Recently Paige Bailey - Twitter, Github - Tweeted an analysis she did on the state of Machine Learning cohorts. Using her Article as a basis, I'd like to share my view on what I've doing for the past three years as a Machine Learning Engineer and where I believe I find myself in.
There's a lot of contradiction of what a Machine Learning Engineer is today and most job openings just assume what it is based on the company's needs. Researches like Paige's help us understand and begin to draw lines of what we should be doing or even know what our job title should be.
I constantly receive job offers asking if I'm interested in positions such as Data Engineer (ML) or Software Developer - Data, which to my understanding, does not fit my profile.
With this in mind here's my take on what I, as a Machine Learning Engineer, am doing:
- Basic Exploratory Data Analysis (EDA): It is impossible to do any Machine Learning work without knowing your data first. I say BASIC here because I'm looking to find the underlying structure of the data, not doing a fancy report or discovery. What I usually do here is to find which features I'm going to use, which are irrelevant and which machine learning methods are the most appropriate for the problem at hand. What I DON'T do: Fancy reports, customer dashboards and presentations. That would be a Data Scientist's or Data Analyst's job.

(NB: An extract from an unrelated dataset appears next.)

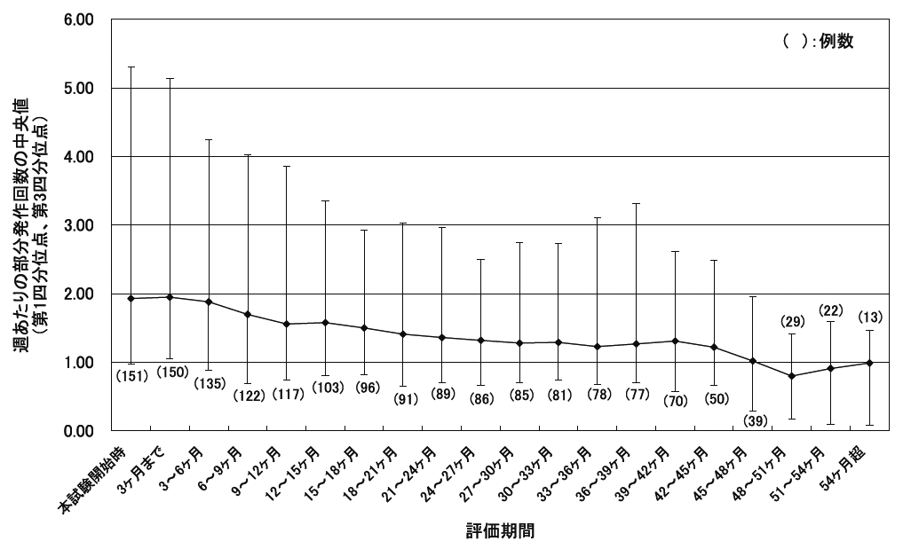 国内第Ⅱ/Ⅲ相試験(成人、併用療法)を完了した患者151例を対象として、レベチラセタム1000~3000mg/日を1日2回に分けて経口投与したときの部分発作回数は以下のとおりであった34),35),36) 。本試験に参加した被験者のうち、76例がその後計画された継続試験に移行し本試験を終了した(24~36ヵ月で1例、36~48ヵ月で47例、48ヵ月以降で28例)。

- Traditional Machine Learning: As I stated before, it is quite hard to do ML without EDA, so after finding out the problem I'm dealing with, I'll generally mess around with some ML techniques. That could be Sklearn, XGBoost, or even Tensorflow/Pytorch. Again, I'm not looking for state of the art performance, nor big fancy models as you see on NeurIPS article's or OpenAI releases. I'm looking to solve a small very specific problem inside my domain. Nothing fancy. Considering this, it would put me in somewhere along the lines of the Data Scientist – Business, Traditional ML.
- Product Integration: Here is where I think the Engineering part of ML Engineering comes in. I already have built a model that solves a very specific domain problem, now what can I do to make it available for everyone? Here I'll usually look for the best approach to put the model in production, create a data pipeline and if needed updating and training pipelines for future use. Generally this is done with Docker containers and some frameworks like MLFlow and a hosting platform like AWS or GCP. This will fill into the ML Ops practitioner bucket
As the team evolves and more people come in, I can see the ML Engineer focusing more and more on 2 and 3. Sometimes you can receive a ML Model built on Sklearn with several preprocessing steps, which will yield a model with hundreds of MB if not GB and poor performance. Those can be optimized and I already have found myself doing these kind of optimizations.
As a finishing thought, according to Paige's cohort studies I'd be a mix of MLOps practitioner and Data Scientist - Business, Traditional ML. These are the roles I'd fit in the most and probably the mix that - for me - would describe what a ML Engineer does.
What do you think? Am I missing something?
What is a Machine Learning engineer to you?